_WHAT TO DO:_
Would you retype the lines from the one that holds "Bk. G21 van" to the final line of the entries below, both ends included and exactly as written, but without pictures?

_MATERIAL FOR THIS TASK:_

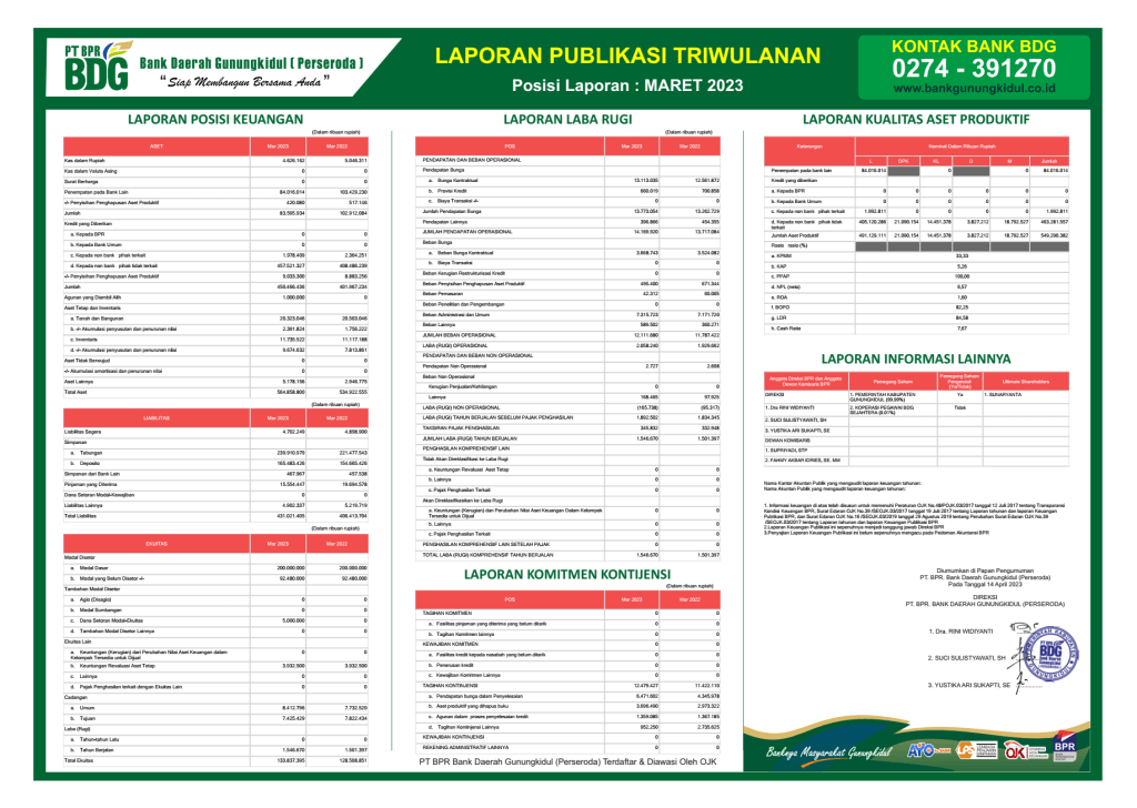 Informasi operasional PT BPR Bank Daerah Gunungkidul (Perseroda), sehubungan dengan adanya cuti bersama tahun 2023 dan Hari Raya Idul Fitri 1444 H
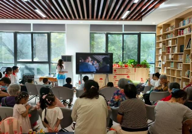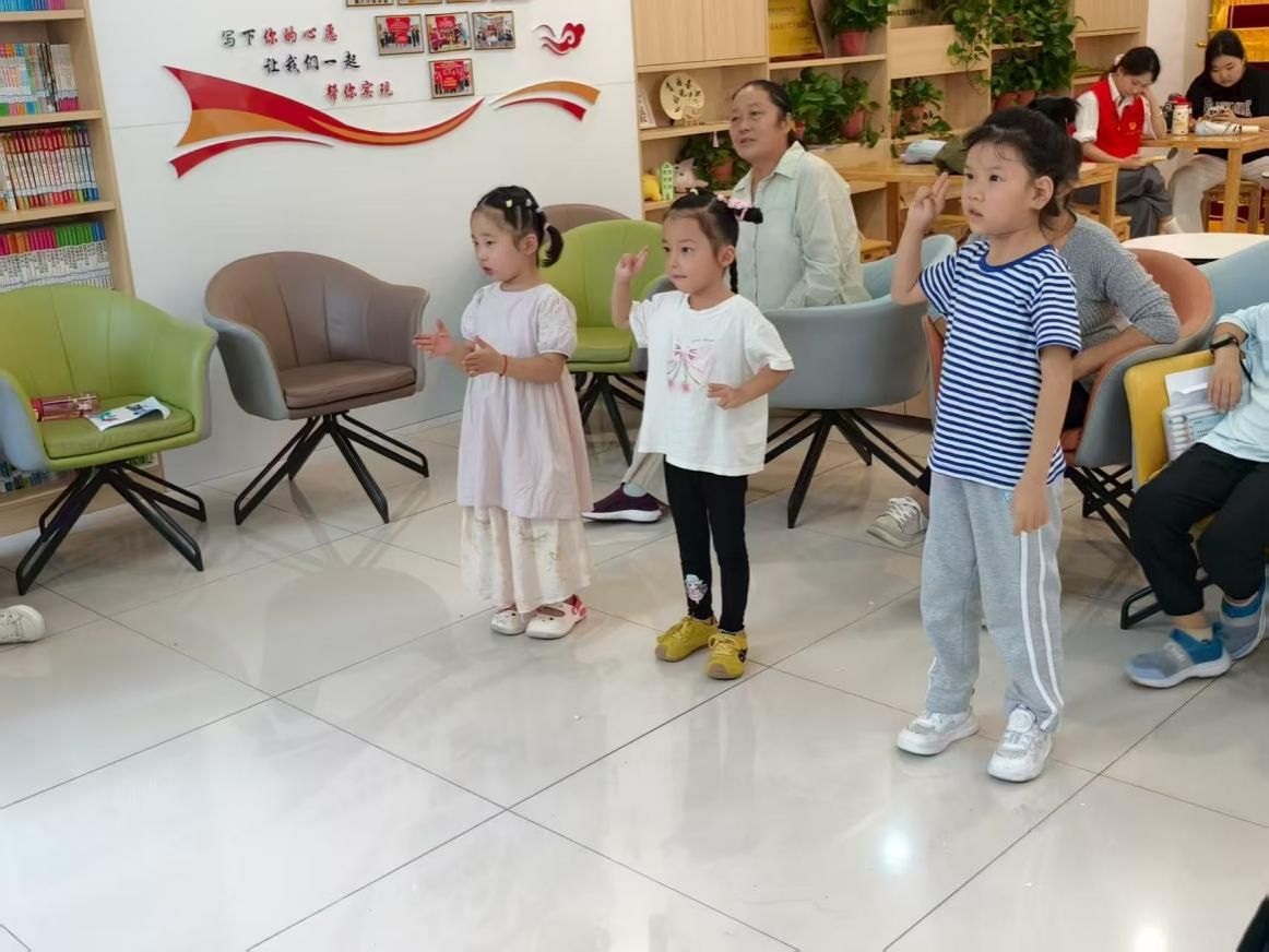 志愿者们耐心分解每一个动作,从“爱祖国、爱人民”到“鲜艳的红领巾飘扬在前胸”,每一词句都配合着精准的手语动作。孩子们学得格外认真,在反复练习中,一双双小手渐渐舞动得整齐划一。铿锵有力的歌词配合优美的手语,爱国爱党的情怀在孩子们心中悄然生根发芽。
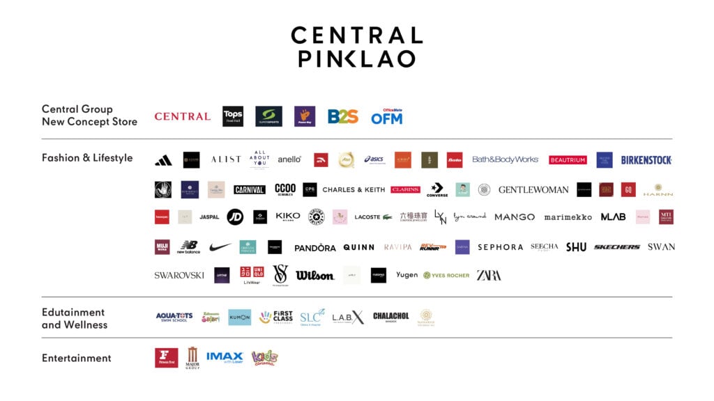 นอกจากนั้น เพราะอยากจะคงฐานลูกค้าเดิมสุดแกร่งอย่าง คนในย่านและกลุ่มครอบครัว รวมถึงดึงดูดลูกค้าใหม่ในกลุ่มคนรุ่นใหม่ (Young Gen) และกลุ่มมั่งคั่งใหม่ (New Wealth) เซ็นทรัลจึงเลือกแบรนด์แม่เหล็กมากว่า 500 แบรนด์ครอบคลุมทั้งแฟชัน ไลฟ์สไตล์ สุขภาพ ความงาม เทคโนโลยี และสถาบันการศึกษา โดยกว่า 150 แบรนด์ เป็นแบรนด์ฮิตเทรนด์ใหม่ ตามลิสต์ในภาพใต้นี้เลย
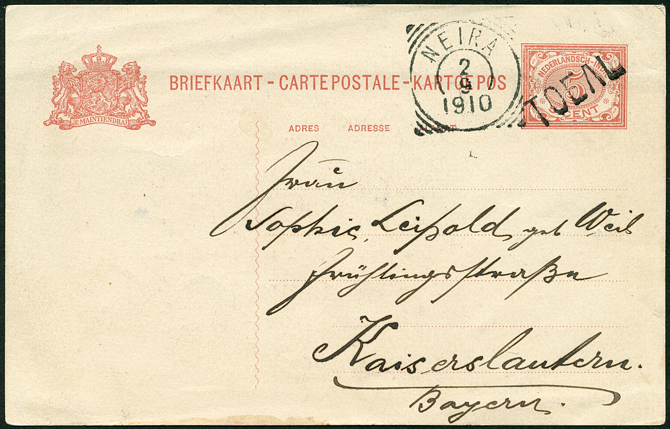 Bk. G21 van TOEAL over Neira 2-9-1910 naar Beieren (L, SvL 250)
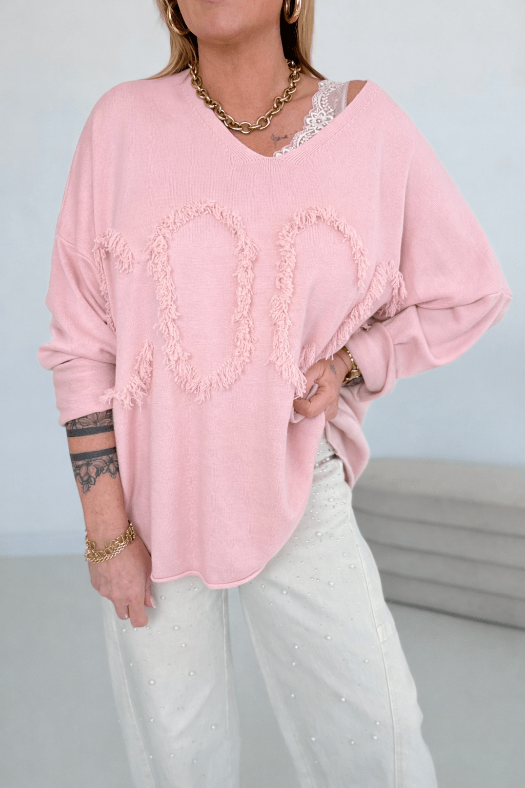 Vorne Schriftzug mit Fransen

_TASK OUTPUT:_
 Bk. G21 van TOEAL over Neira 2-9-1910 naar Beieren (L, SvL 250)
 Vorne Schriftzug mit Fransen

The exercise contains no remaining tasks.